I have the very same problem, i am running it on an android with Aarch64 on termux and the last version that is working in my phone is 1.53, i have tried a bunch of models and to download the .zip manually and building it with make but i always got the same log when i run it:

Welcome to KoboldCpp - Version 1.54 Warning: OpenBLAS library file not found. Non-BLAS library will be used. Initializing dynamic library: koboldcpp_default.so

Namespace(model=None, model_param='model1-7b.Q5_K_M.gguf', port=5001, port_param=5001, host='', launch=False, lora=None, config=None, threads=3, blasthreads=3, highpriority=False, contextsize=2048, blasbatchsize=512, ropeconfig=[0.0, 10000.0], smartcontext=False, noshift=False, bantokens=None, forceversion=0, nommap=False, usemlock=False, noavx2=False, debugmode=0, skiplauncher=False, hordeconfig=None, noblas=False, useclblast=None, usecublas=None, gpulayers=0, tensor_split=None, onready='', multiuser=0, remotetunnel=False, foreground=False, preloadstory='', quiet=False, ssl=None)

Loading model: /data/data/com.termux/files/home/koboldcpp-1.54/model1-7b.Q5_K_M.gguf [Threads: 3, BlasThreads: 3, SmartContext: False, ContextShift: True]

The reported GGUF Arch is: llama

Identified as LLAMA model: (ver 6) Attempting to Load...

gustrd commented 9 months ago

I wonder if it's a problem with a Termux update. Can you still build the older version?

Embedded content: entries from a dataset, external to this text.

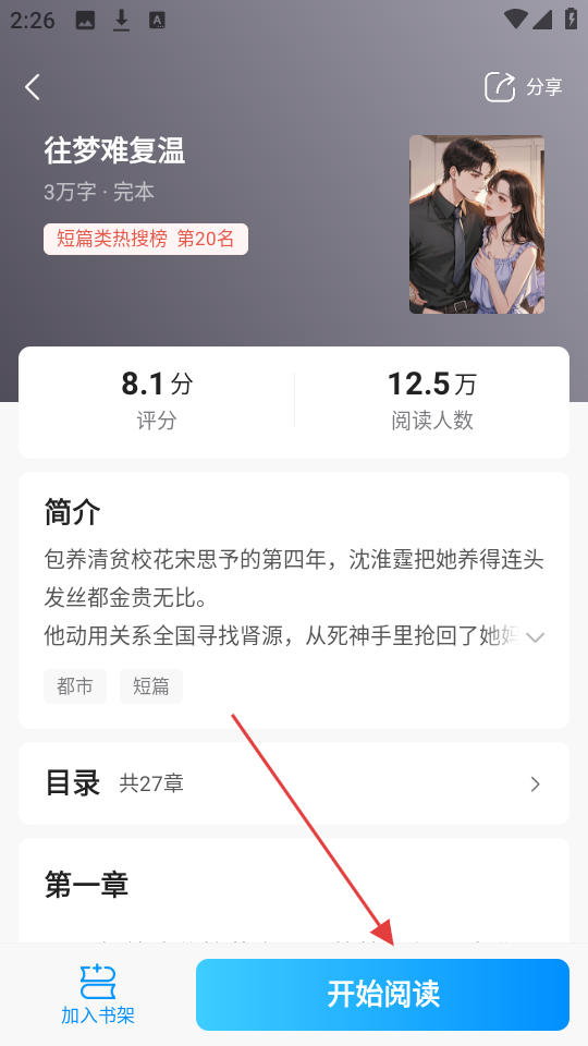 2、在书籍详情页点击【开始阅读】,就能进入阅读界面,开启阅读之旅啦。
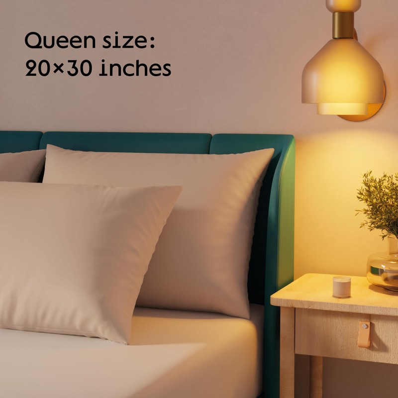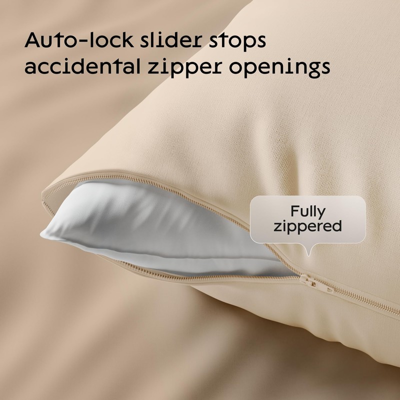 - Zippered Pillow Encasement: 4 pack beige Pillow Cases Protector Queen are made with heavy duty zipper, that keeps the pillow in place and prevent slipping put which is the case with envelope or open end pillow heim pillowcases.
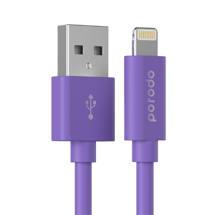 كابل Porodo PVC متوافق مع أجهزة Lightning 1.2 متر 2.4 أمبير، مزامنة وشحن سريع للبيانات - لافندر
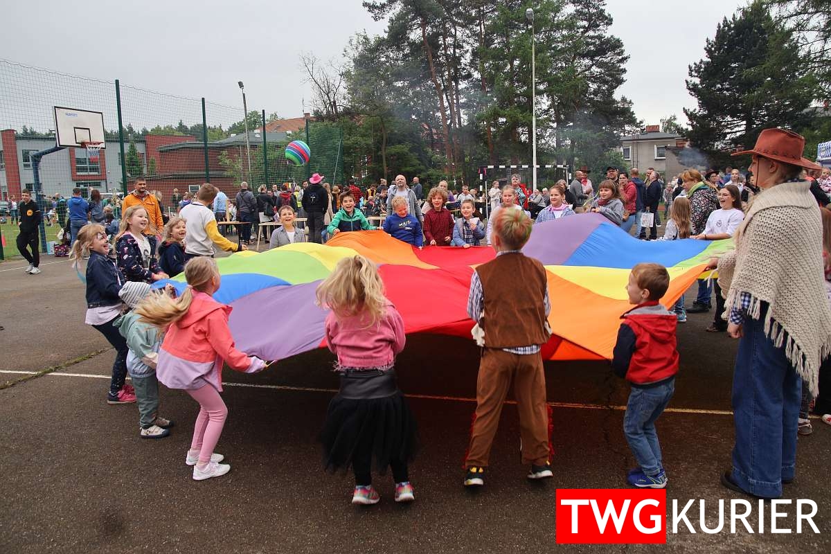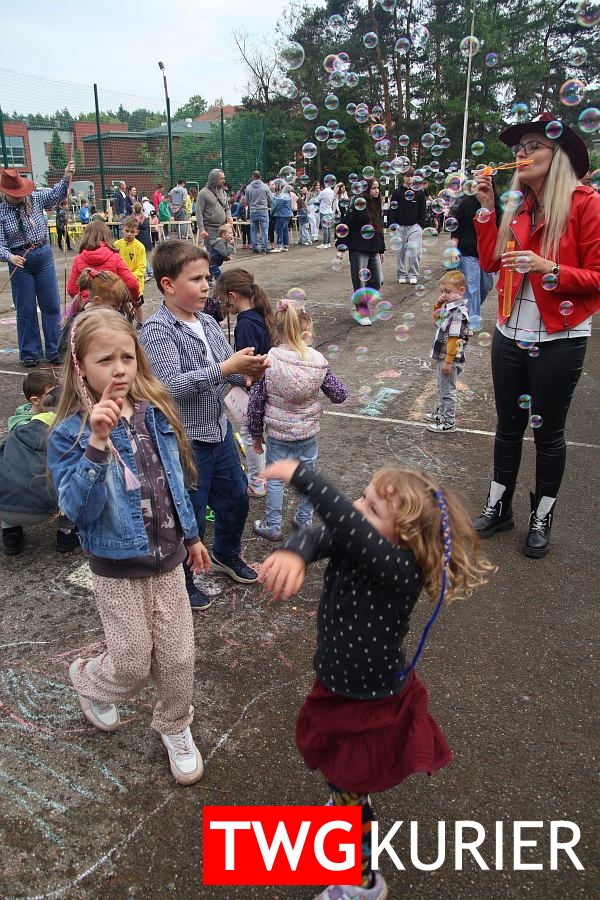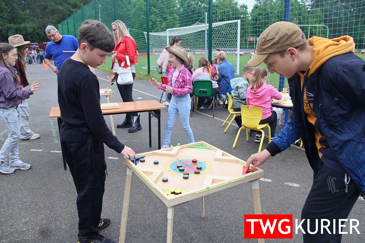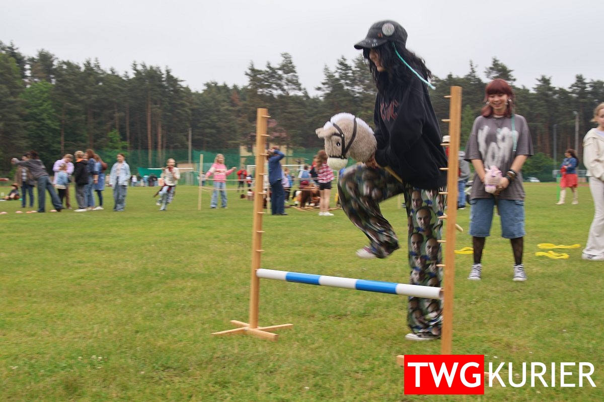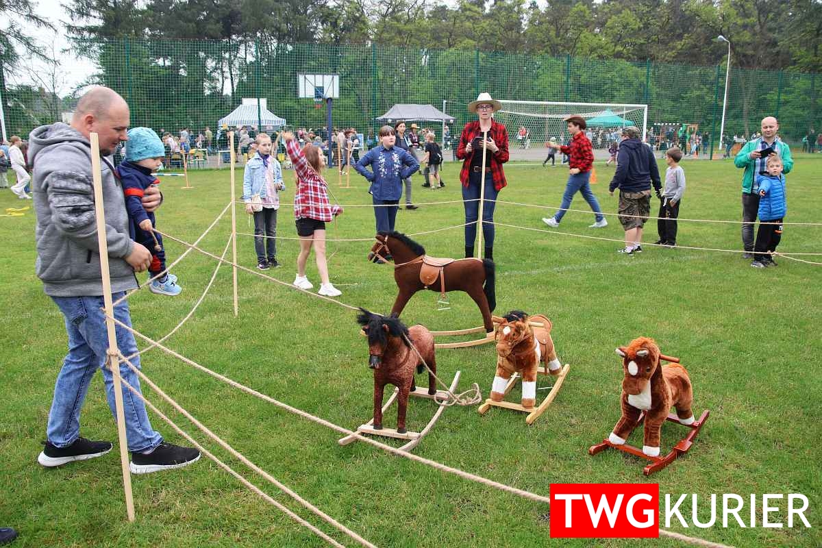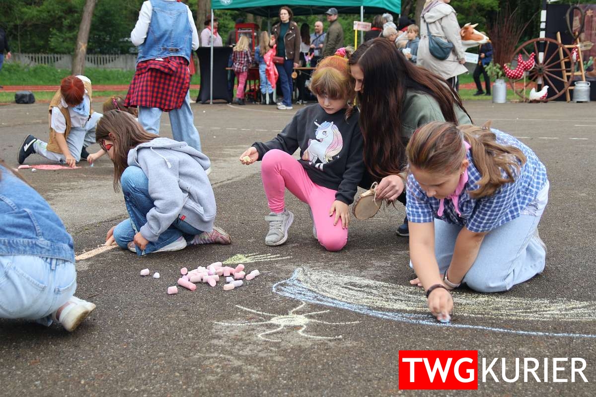 30 maja o godzinie 16.00 teren Szkoły Podstawowej w Tworogu zamienił się w prawdziwą krainę rodem z Dzikiego Zachodu. Wszystko za sprawą wyjątkowego Dnia Dziecka w stylu kowbojskim, który obfitował w atrakcje, niespodzianki i mnóstwo dobrej zabawy. W klimat Dzikiego Zachodu wprowadzili nas już na samym początku uczniowie klas ósmych, prezentując przepięknie wykonany taniec, który zachwycił wszystkich zgromadzonych i otworzył wydarzenie z wielkim rozmachem. W dalszej części uczniowie klas 1–3, pamiętając o niedawnym Dniu Matki, zaprezentowali wzruszający repertuar muzyczny dla mamy i taty. Następnie klasy trzecie z przytupem zatańczyły „Skrzypka”, wprowadzając jeszcze więcej radości i country’owego ducha. Podczas imprezy dzieciom życzenia złożył wójt gminy Tworóg, pan Łukasz Ziob. Gościliśmy również Zespół Szkół Centrum Kształcenia Rolniczego w Nakle Śląskim, który odegrał niezwykle ważną rolę w tym wydarzeniu. To właśnie ta szkoła zapewniła uczniom mnóstwo atrakcji: popcorn, truskawki w czekoladzie, możliwość zdobycia certyfikatu w dojeniu krowy oraz prezentację swojej oferty edukacyjnej – idealnie wpisującej się w klimat imprezy. Wielką frajdą okazały się kowbojskie wyzwania: łapanie konia na lasso, hobby horsing, tor przeszkód ze szklanką mleka, rzucanie do puszek, skoki w workach, konkurencje z kapeluszami i zabawy z kolorową gumą. Nie zabrakło również warsztatów łuczniczych prowadzonych przez mistrzów Filipa i Marcina Szelągów, w których dzieci chętnie brały udział. Dla miłośników twórczej zabawy przygotowano stanowiska z artboxami, malowaniem na drewnie, robieniem gniotków, kolorowymi warkoczykami i koralikami. Ciekawym przerywnikiem były również gry stolikowe rozwijające logiczne myślenie i sprawność manualną. Nad wszystkim czuwał ratownik medyczny, który dodatkowo prowadził instruktaż z pierwszej pomocy. Strażacy i policjanci również zadbali o bezpieczeństwo i dodatkowe atrakcje dla najmłodszych. Dzięki dyspensie od księdza proboszcza mogliśmy z czystym sumieniem skorzystać z grillowych przysmaków podczas grill time’u, który – wraz z kawą i domowymi wypiekami – zapewnili niezastąpieni rodzice. Wielkie podziękowania kierujemy właśnie do Rodziców, których ogromne zaangażowanie, wsparcie i energia sprawiły, że ten dzień był pełen radości i uśmiechu. Całość wydarzenia została profesjonalnie i z humorem poprowadzona przez niezawodny zespół „Przerwa na kawę”, który zadbał o dobry nastrój i sprawną organizację atrakcji.

Mizstik commented 9 months ago

I wasn't updating Termux (or any package) at all when I discovered this issue. It's typical to freeze Termux updates because we don't want the F-Droid version to be overwritten by the Play Store version. I haven't run pkg update in forever either and only git pulled koboldcpp. (Though after I discovered the issue, I went around to update everything to see if any updated packages would fix the issue but no dice.)

So after all that, I tried downgrading to v1.52 and that works. The other guy above said that v1.53 also works. v1.54 and above don't work.

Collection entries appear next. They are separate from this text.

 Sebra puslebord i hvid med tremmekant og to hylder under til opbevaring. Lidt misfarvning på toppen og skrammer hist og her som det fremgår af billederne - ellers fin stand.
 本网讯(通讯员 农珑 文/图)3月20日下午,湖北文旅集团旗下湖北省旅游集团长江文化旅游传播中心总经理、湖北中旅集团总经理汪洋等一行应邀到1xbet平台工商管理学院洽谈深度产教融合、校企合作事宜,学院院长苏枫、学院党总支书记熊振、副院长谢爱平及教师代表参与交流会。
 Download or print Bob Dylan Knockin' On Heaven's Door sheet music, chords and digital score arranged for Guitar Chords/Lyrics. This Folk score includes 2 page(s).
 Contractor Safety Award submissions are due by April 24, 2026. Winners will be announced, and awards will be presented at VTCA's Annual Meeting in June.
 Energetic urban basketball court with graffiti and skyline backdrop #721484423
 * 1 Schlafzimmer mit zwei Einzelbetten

Also note that they all built fine. They fail at runtime, during model load.

Dravoss commented 9 months ago

I wonder if it's a problem with a Termux update. Can you still build the older version?

Yes 1.53 still builds and run just fine

LostRuins commented 9 months ago

I will take a look

Dravoss commented 9 months ago

I will take a look

Tell me if you need me to test anything.

LostRuins commented 9 months ago

Hi everyone, I just did a clean install on the latest experimental for guanaco and phi, both seem to be working. How did you setup the install? Can you try these steps:

Install and run Termux from F-Droid
Enter the command termux-change-repo and choose Mirror by BFSU
Install dependencies with pkg install wget git python (plus any other missing packages)
Install dependencies apt install openssl (if needed)
Clone the experimental branch of the repo git clone -b concedo_experimental https://github.com/LostRuins/koboldcpp.git
Navigate to the koboldcpp folder cd koboldcpp
Build the project make
Grab a small GGUF model, such as wget https://huggingface.co/TheBloke/phi-2-GGUF/resolve/main/phi-2.Q2_K.gguf
Start the python server python koboldcpp.py --model phi-2.Q2_K.gguf
Connect to http://localhost:5001 on your mobile browser

Tell me:

If it works, good
If it fails, which part didn't work, and what error do you get?

I'm wondering if someone somewhere pushed a bad package for something. Would be good to describe how you originally setup vs the above steps if there's any differences.

Dravoss commented 9 months ago

Unfortunately i am getting the same error.

For my original setups i tried to clone the hub and manually downloading the zip from releases but both failed to load the model.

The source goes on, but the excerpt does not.